Given cPanel at the time was a huge monorepo sort of personifying "bad design, good execution", many "lets rewrite it, but right this time" projects happened and failed, mostly due to having forgotten the reasons it was written the way it had been in the first place.  New versions of user interfaces failed to delight users thanks to removing features people didn't know were used extensively or making things more difficult for users in the name of "cleaner" and "industry standard" design.  A lot of pain can be brought to a firm when applying development standards begins to override pleasing the customer.  The necessity of doing just that eventually resulted in breaking the monolith to some extent, as building parallel distribution mechanisms was the only means to escape "standardization" efforts which hindered satisfying customer needs in a timely manner.

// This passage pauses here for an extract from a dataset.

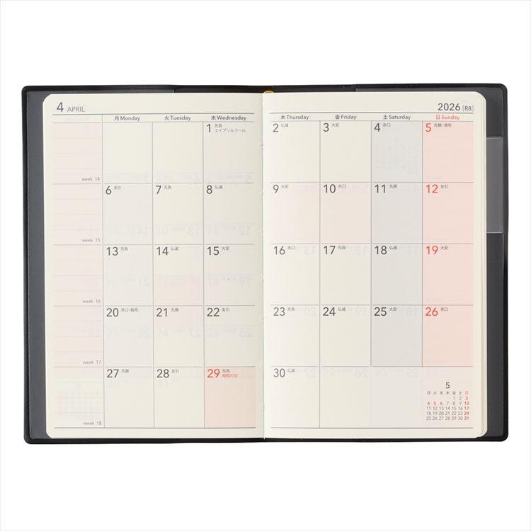 - 2026年1月始まり手帳 週間レフト B7 NOLTY 能率手帳ライツ3 小型版 黒

This is because attempting to standardize across a monorepo inevitably means you can't find the "always right" one-size fits-all solution and instead are fitting people into the iron bed.  The solution of course is better organizational design rather than program design, namely to shatter the monolith.  This is also valuable at a certain firm scale (dunbar's number again), as nobody can fit it all into their head without resorting to public interfaces, SOA and so forth.  Reorientation to this approach is the textbook example of short-term pain that brings long-term benefit, and I've leveraged it multiple times to great effect in my career.